This document is relevant for: Trn2, Trn3
Selective Scan Kernel API Reference#
Selective scan (SSM) as in Mamba models.
Performs fused discretization, linear recurrence, and output projection in a single kernel. For each state dimension n and time step t: decay[t] = exp(dt[t] * A[:, n]) inp[t] = dt[t] * x[t] * B[:, n, t] state[t] = decay[t] * state[t-1] + inp[t] y[t] += C[:, n, t] * state[t] y += D * x (optional skip connection)
Background#
The selective_scan kernel implements the selective scan state space model (SSM) used in Mamba models, performing fused discretization, linear recurrence, and output projection in a single kernel.
API Reference#
Source code for this kernel API can be found at: selective_scan.py
selective_scan#
- nkilib.experimental.scan.selective_scan(x: nl.ndarray, dt: nl.ndarray, A: nl.ndarray, B: nl.ndarray, C: nl.ndarray, D: nl.ndarray = None, initial_state: nl.ndarray = None) tuple#
Selective scan (SSM) as in Mamba models.
- Parameters:
x (
nl.ndarray) – Input tensor of shape [B_dim, channels, L].dt (
nl.ndarray) – Time step tensor of shape [B_dim, channels, L]. Should be positive.A (
nl.ndarray) – State transition matrix of shape [channels, state_size]. Typically negative.B (
nl.ndarray) – Input projection matrix of shape [B_dim, state_size, L].C (
nl.ndarray) – Output projection matrix of shape [B_dim, state_size, L].D (
nl.ndarray) – Skip connection weights of shape [channels]. Default: None.initial_state (
nl.ndarray) – Initial hidden state of shape [B_dim, channels, state_size]. Default: None (zeros).
- Returns:
(y, final_state) - y (nl.ndarray): Output tensor of shape [B_dim, channels, L] with same dtype as x. - final_state (nl.ndarray): Final hidden state of shape [B_dim, channels, state_size] in float32.
- Return type:
nl.ndarray
Notes:
Uses float32 accumulation internally for numerical stability
A should be negative for stable recurrence (decay < 1)

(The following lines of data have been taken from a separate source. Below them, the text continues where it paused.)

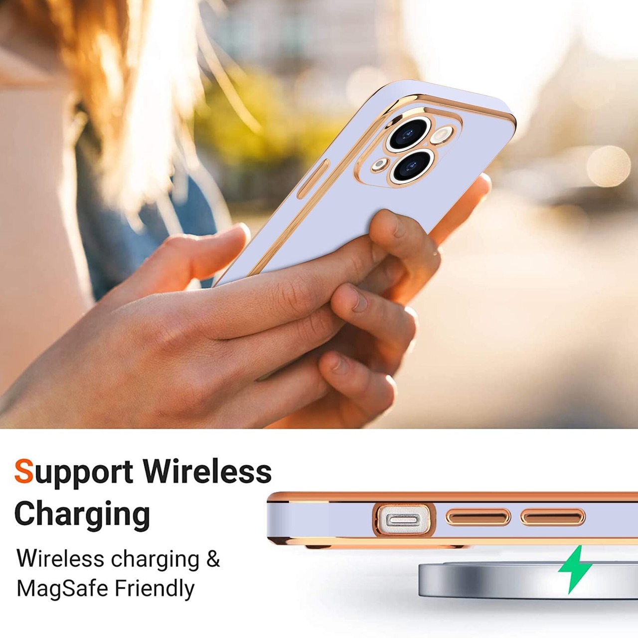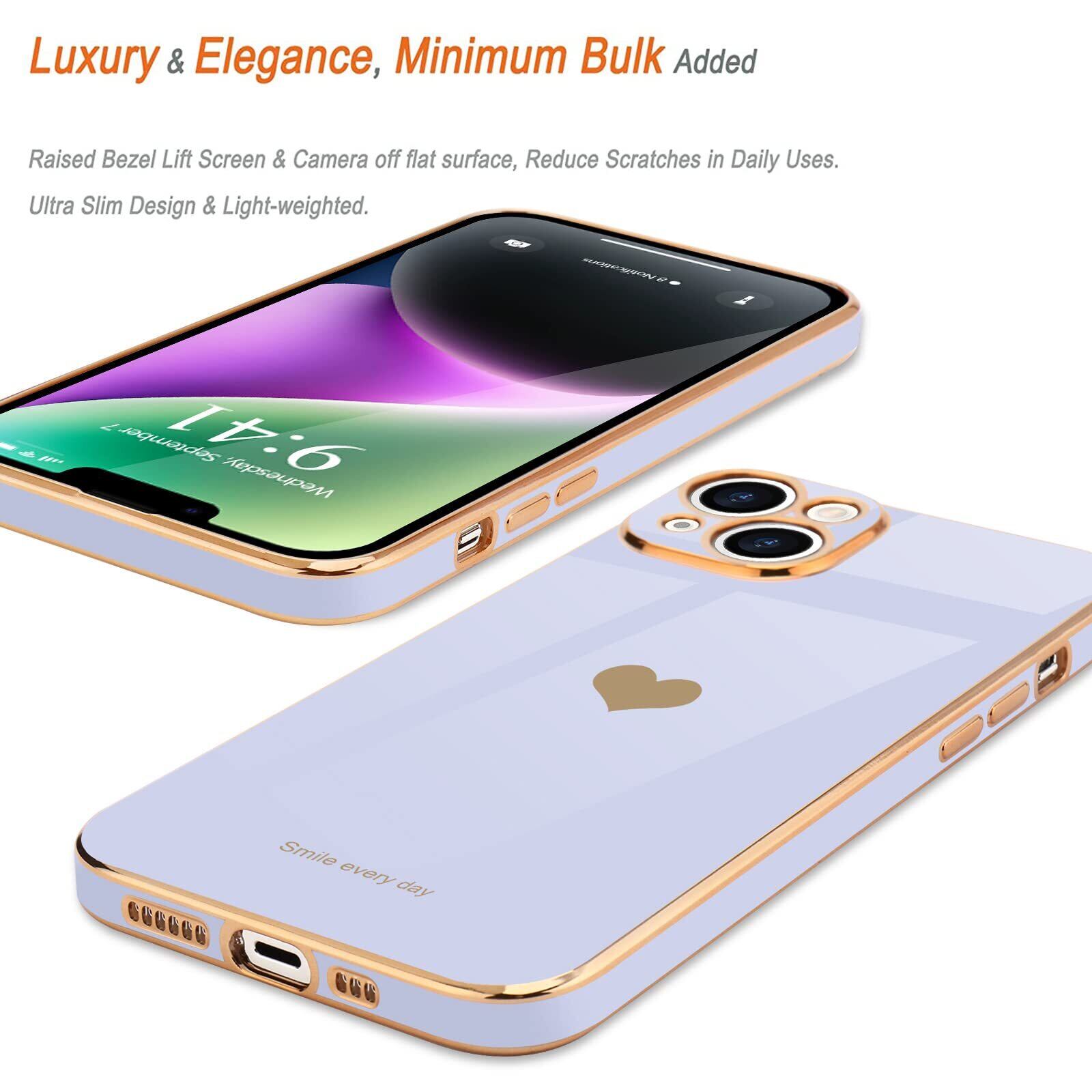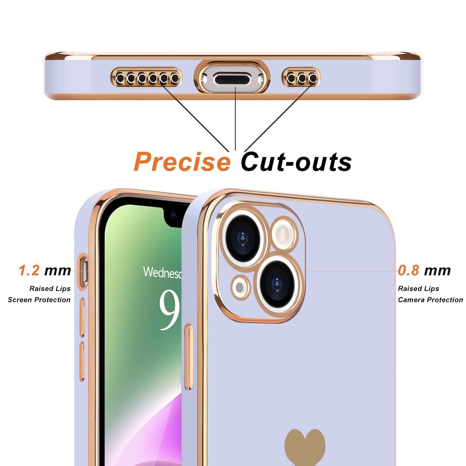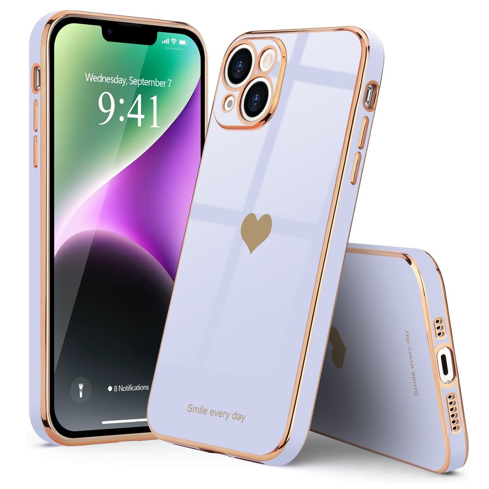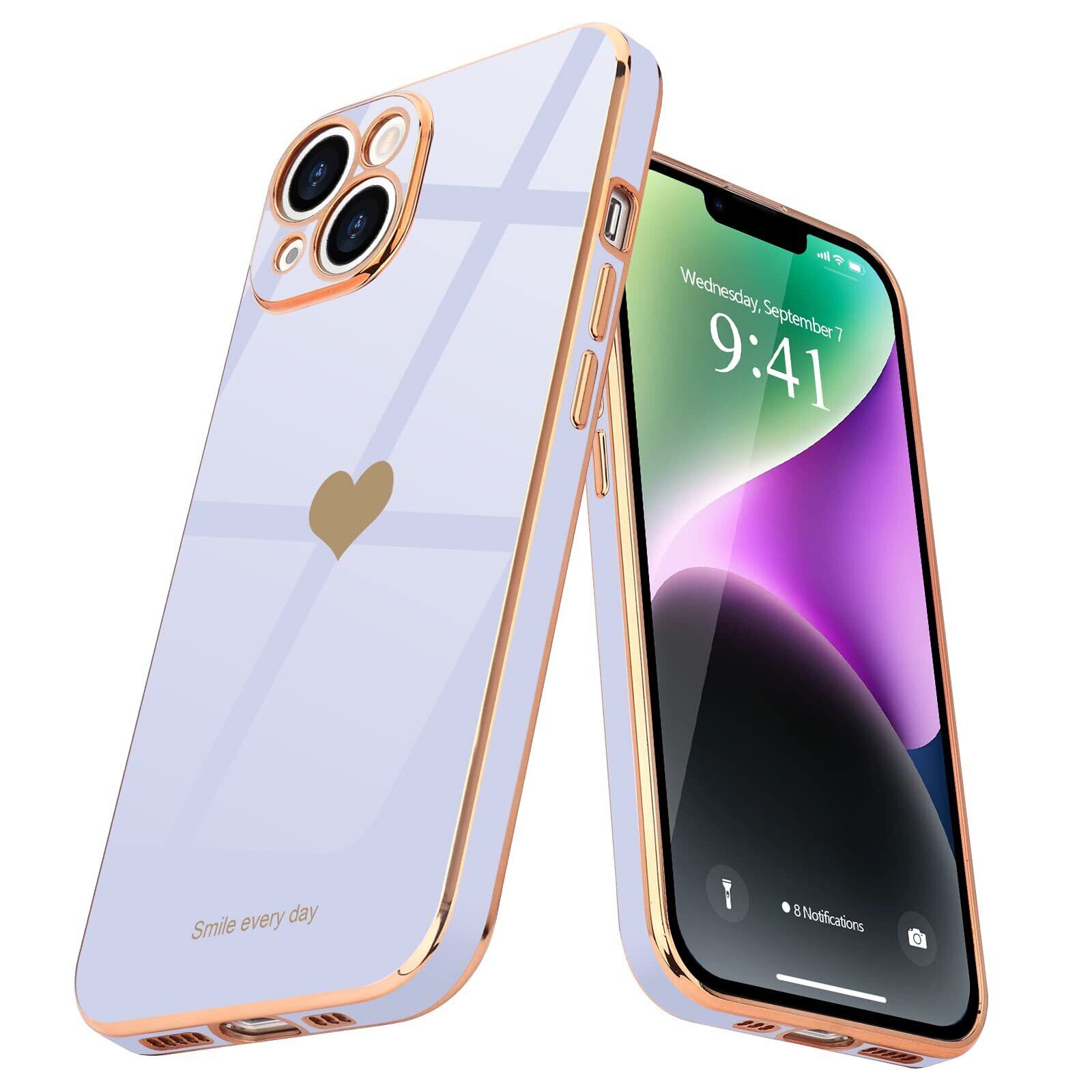 Teageo iPhone 14 ケース対応 少女の 可愛い 愛心の形 メッキ加工保護ケース 薄型 TPU ワイヤレス充電対応 傷に強い 耐衝撃 落下防止 電話カバー 適用 iPhone 14 スマホケース(パープル) | kki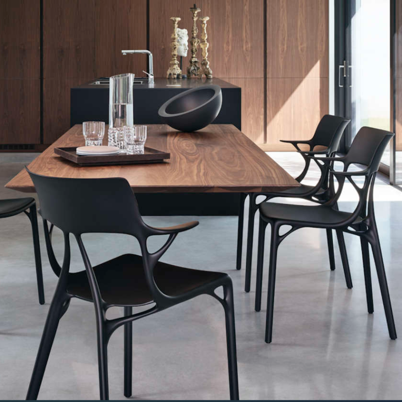 The A.I. is Kartell’s first chair created from 100% recycled material. Aesthetics and structural requirements remain unaltered, blending seamlessly with generative design. This chair is crafted from 100% recycled thermoplastic technopolymer. Sourced from production scraps, this process restores life to unused industrial material.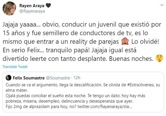 Rayén no se quedó “callada” y nuevamente se refirió al paso de Félix por los realities. “Yaaaa... obvio, conducir un juvenil que existió por 15 años y fue semillero de conductores de tv, es lo mismo que entrar a un reality de parejas. Lo olvidé! En serio Felix... tranquilo papá! Jajaja igual está divertido leerte con tanto desplante. Buenas noches”, manifestó, recordando una de las peleas que el también DJ tuvo con Edmundo Varas, ganador de “Amor Ciego”.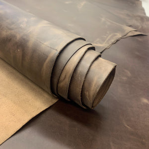 Brown leather pull up real 1.2mm 3oz thick crazy horse waxy oily finishing distressed
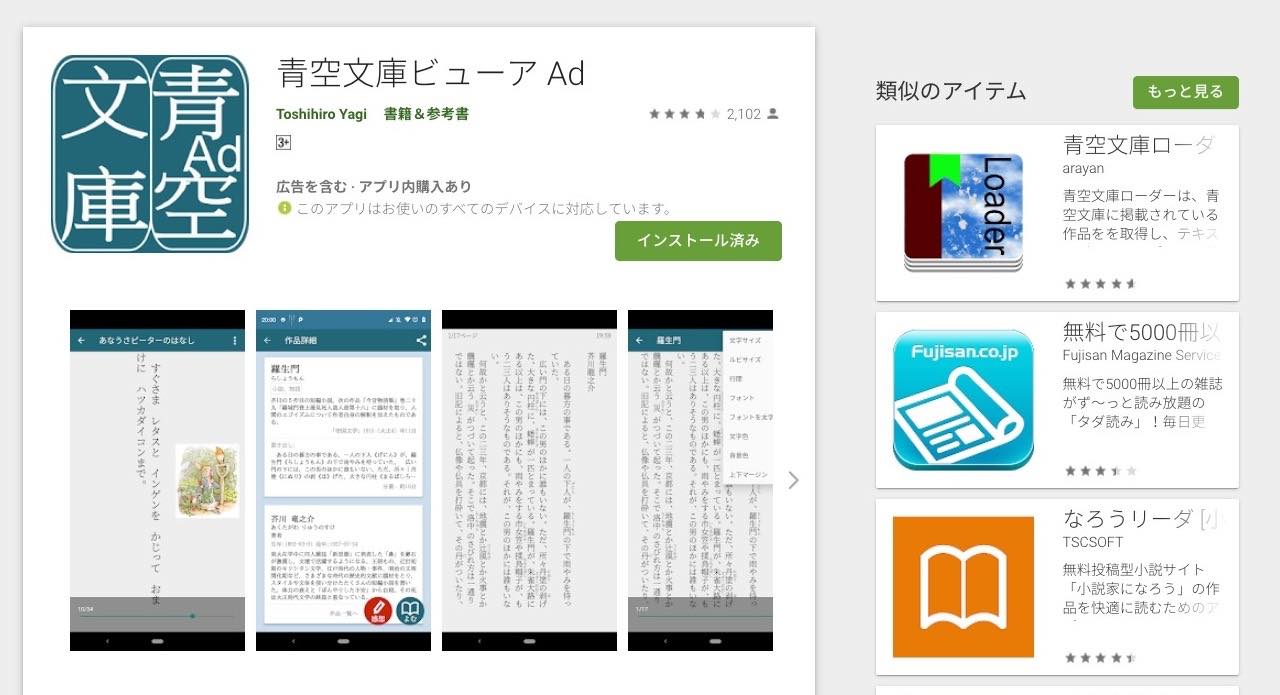 文豪たちの名文に学ぶ『青空文庫ビューア Ad』(Android)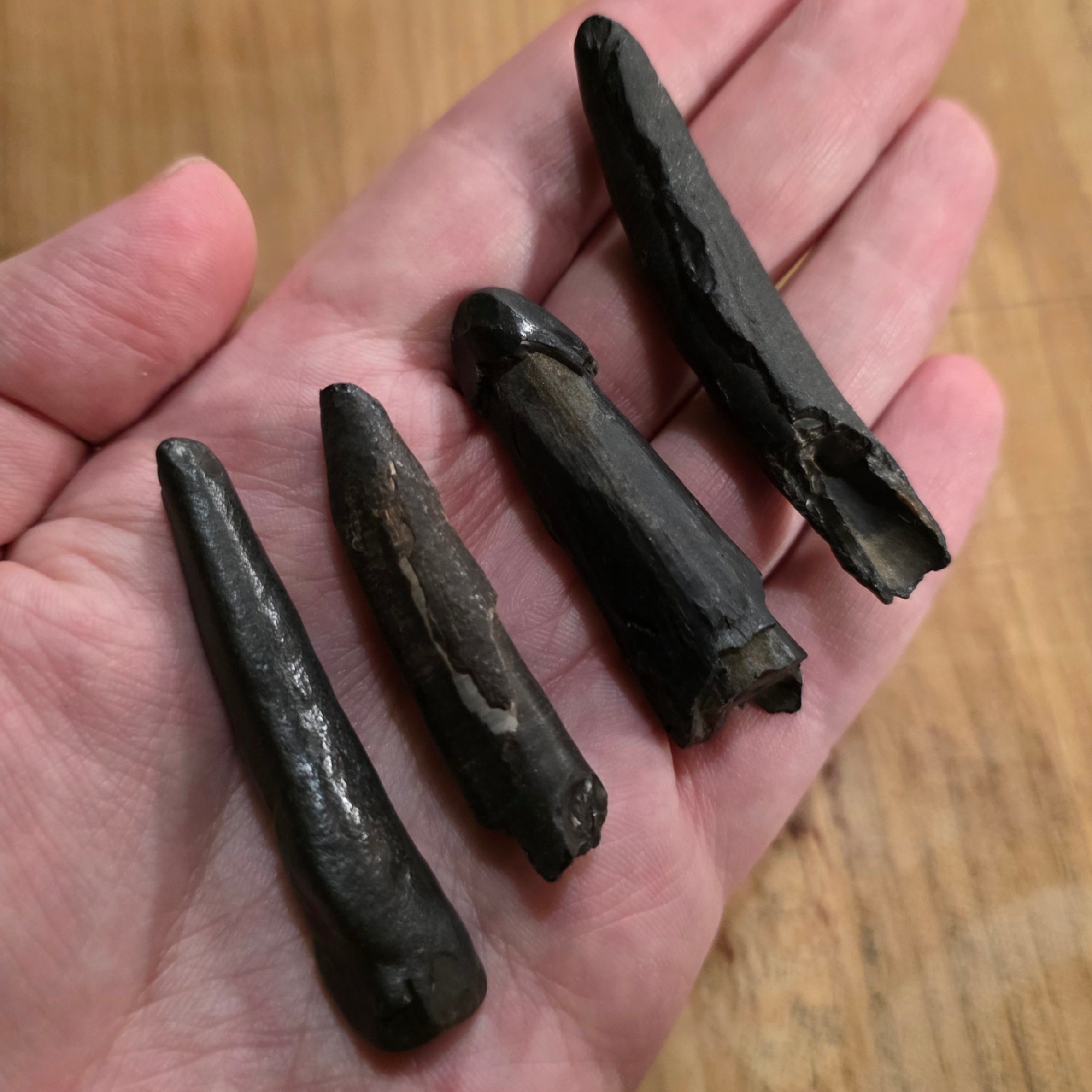 Fossilized whale teeth for sale! Dating back to the Miocene/Pliocene Epochs (5 to 15 million years ago), these specimens were found in the Hawthorne Formation in South Carolina.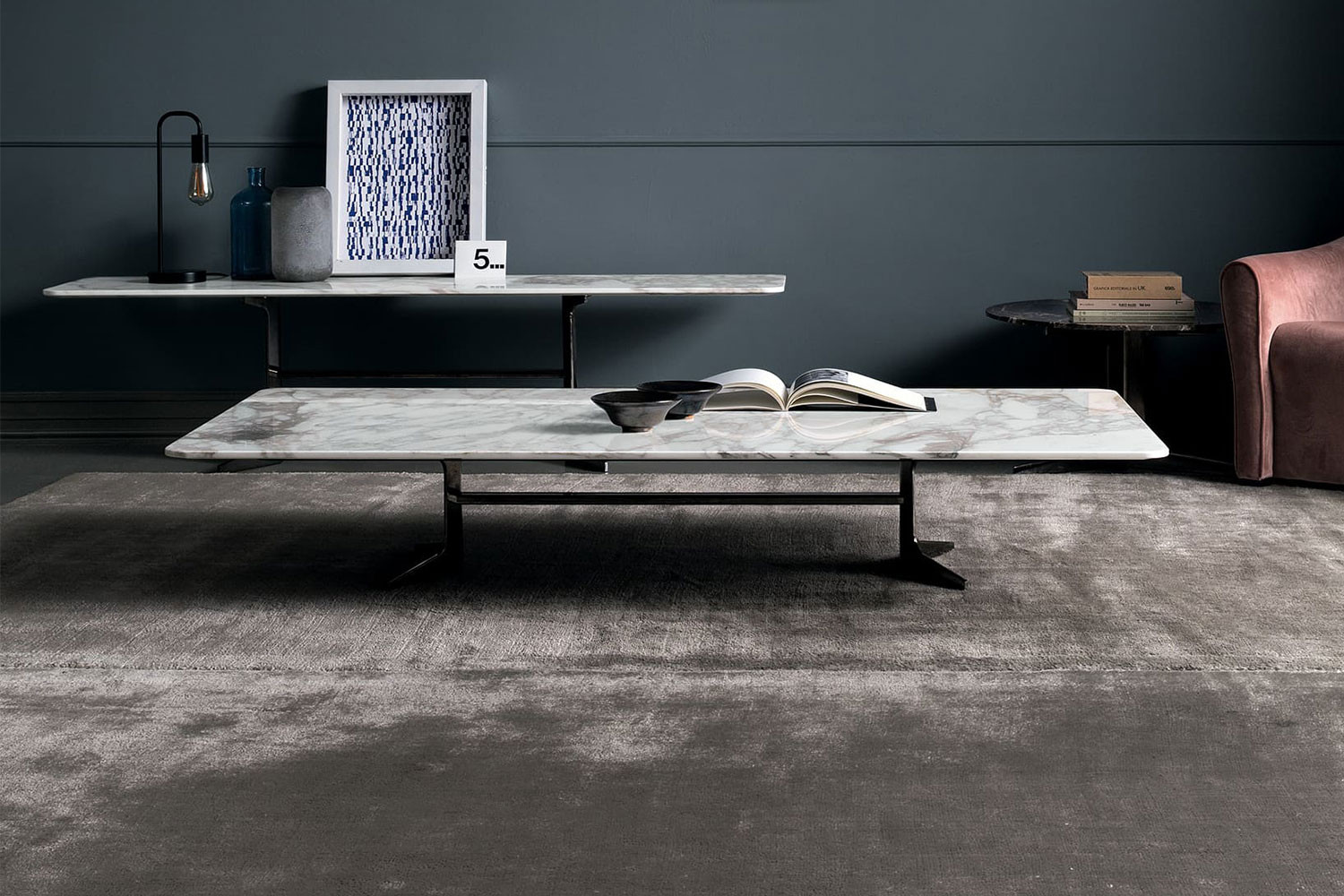 The legs come in black matt lacquered solid wood and sport a skillfully made criss-cross structure supporting the seat. The elements that make this armchair a truly unique object are the legs that overstep their boundaries and extend beyond the seat shell.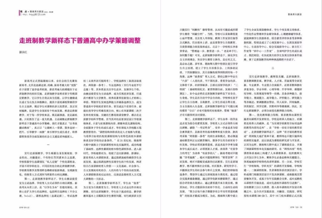 新高考正式登陆湖南以来,全社会的目光聚焦新高考,尤其是选课走班。《湖南教育》2019年12月A版刊发了我校校长谢永红的文章《走班制教学新样态下普通高中办学策略调整》,全文收录如下: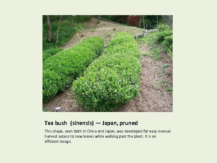 Tea bush (sinensis) — Japan, pruned This shape, seen both in China and Japan, was developed for easy manual harvest access to new leaves while walking past the plant. It is an efficient design.

dt should be positive; discretization computes exp(dt * A)
The scan is sequential along the L dimension but parallel across channels
Accumulation across state dimensions uses SBUF per free tile to avoid HBM read-modify-write (which requires trn2 shared memory)
Carries between free tiles are stored in the final_state HBM tensor
Dimensions:
B_dim: Batch size
channels: Number of channels (partition dimension, tiled at P_MAX=128)
L: Sequence length (free dimension, tiled at F_TILE_SIZE=512)
This document is relevant for: Trn2, Trn3